* ASSIGNED TASK
Each line below should be repeated exactly, but no picture should be carried over.

* PROVIDED RECORDS

§

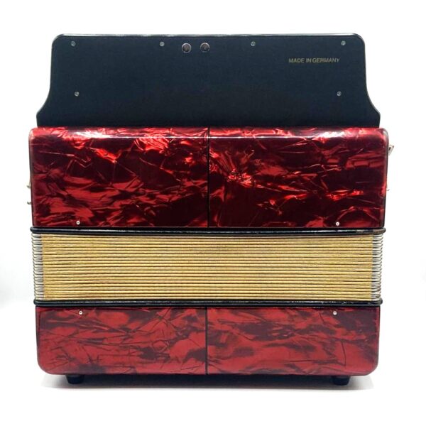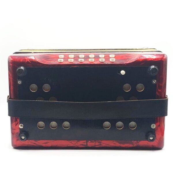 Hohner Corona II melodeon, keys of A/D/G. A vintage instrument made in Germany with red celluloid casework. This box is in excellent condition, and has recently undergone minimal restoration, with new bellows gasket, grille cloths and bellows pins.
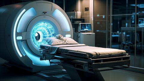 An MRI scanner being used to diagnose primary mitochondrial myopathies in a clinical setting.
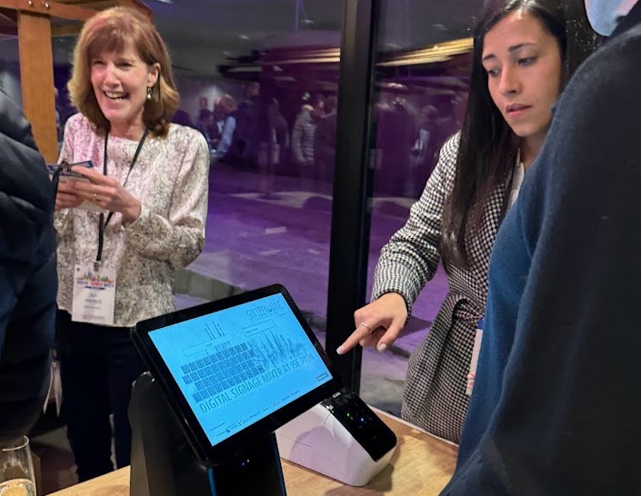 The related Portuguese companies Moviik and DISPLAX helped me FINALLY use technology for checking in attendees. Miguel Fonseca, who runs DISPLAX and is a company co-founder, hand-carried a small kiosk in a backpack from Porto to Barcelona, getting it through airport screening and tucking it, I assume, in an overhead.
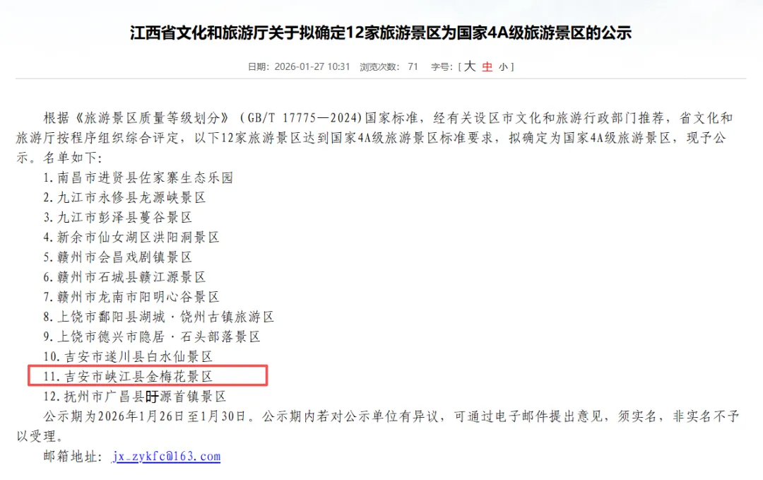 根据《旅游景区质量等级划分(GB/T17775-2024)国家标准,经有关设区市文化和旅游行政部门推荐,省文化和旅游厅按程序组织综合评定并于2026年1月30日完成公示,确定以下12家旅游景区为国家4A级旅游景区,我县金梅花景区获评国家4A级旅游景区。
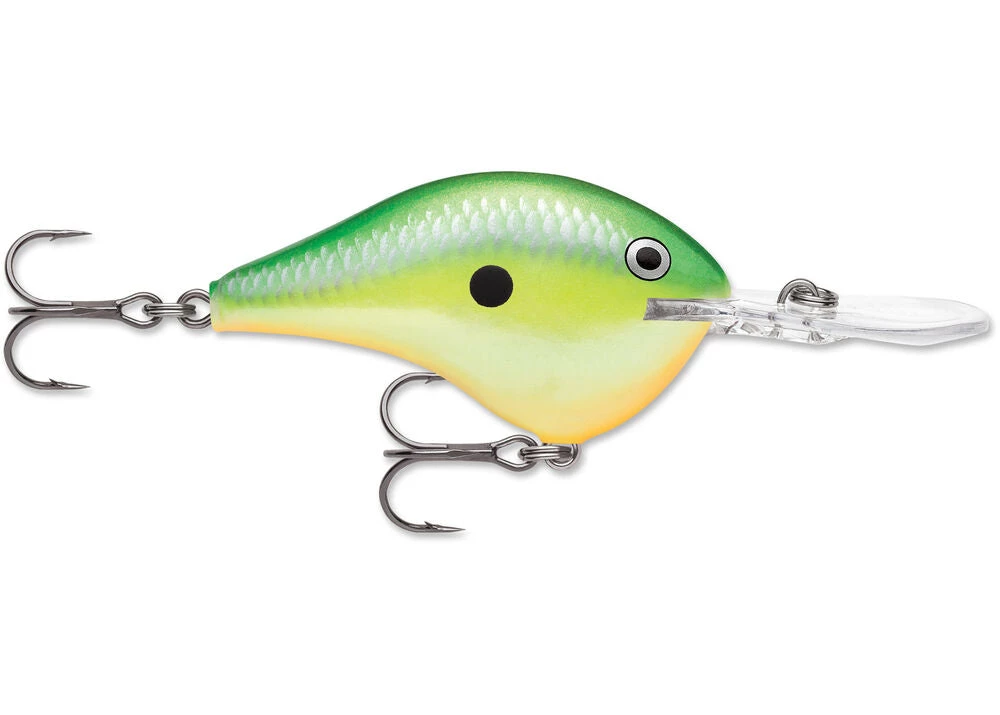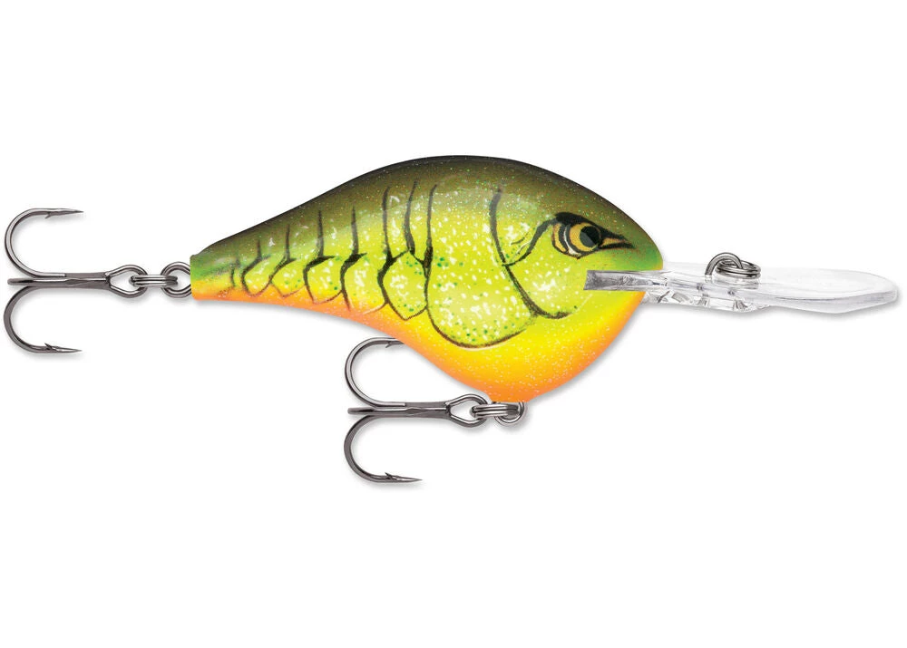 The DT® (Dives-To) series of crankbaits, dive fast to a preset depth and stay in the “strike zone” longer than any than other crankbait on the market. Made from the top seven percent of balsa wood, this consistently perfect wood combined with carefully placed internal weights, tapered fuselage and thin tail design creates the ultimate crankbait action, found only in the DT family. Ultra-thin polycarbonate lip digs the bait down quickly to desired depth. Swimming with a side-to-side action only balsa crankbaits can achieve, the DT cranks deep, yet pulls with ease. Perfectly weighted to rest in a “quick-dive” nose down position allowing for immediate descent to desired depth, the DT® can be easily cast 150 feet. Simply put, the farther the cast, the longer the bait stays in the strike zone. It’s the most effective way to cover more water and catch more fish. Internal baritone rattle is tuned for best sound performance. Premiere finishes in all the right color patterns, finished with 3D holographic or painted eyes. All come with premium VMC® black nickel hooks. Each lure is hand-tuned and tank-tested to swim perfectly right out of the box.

§

* RESULT OF THIS TASK
 Hohner Corona II melodeon, keys of A/D/G. A vintage instrument made in Germany with red celluloid casework. This box is in excellent condition, and has recently undergone minimal restoration, with new bellows gasket, grille cloths and bellows pins.
 An MRI scanner being used to diagnose primary mitochondrial myopathies in a clinical setting.
 The related Portuguese companies Moviik and DISPLAX helped me FINALLY use technology for checking in attendees. Miguel Fonseca, who runs DISPLAX and is a company co-founder, hand-carried a small kiosk in a backpack from Porto to Barcelona, getting it through airport screening and tucking it, I assume, in an overhead.
 根据《旅游景区质量等级划分(GB/T17775-2024)国家标准,经有关设区市文化和旅游行政部门推荐,省文化和旅游厅按程序组织综合评定并于2026年1月30日完成公示,确定以下12家旅游景区为国家4A级旅游景区,我县金梅花景区获评国家4A级旅游景区。
 The DT® (Dives-To) series of crankbaits, dive fast to a preset depth and stay in the “strike zone” longer than any than other crankbait on the market. Made from the top seven percent of balsa wood, this consistently perfect wood combined with carefully placed internal weights, tapered fuselage and thin tail design creates the ultimate crankbait action, found only in the DT family. Ultra-thin polycarbonate lip digs the bait down quickly to desired depth. Swimming with a side-to-side action only balsa crankbaits can achieve, the DT cranks deep, yet pulls with ease. Perfectly weighted to rest in a “quick-dive” nose down position allowing for immediate descent to desired depth, the DT® can be easily cast 150 feet. Simply put, the farther the cast, the longer the bait stays in the strike zone. It’s the most effective way to cover more water and catch more fish. Internal baritone rattle is tuned for best sound performance. Premiere finishes in all the right color patterns, finished with 3D holographic or painted eyes. All come with premium VMC® black nickel hooks. Each lure is hand-tuned and tank-tested to swim perfectly right out of the box.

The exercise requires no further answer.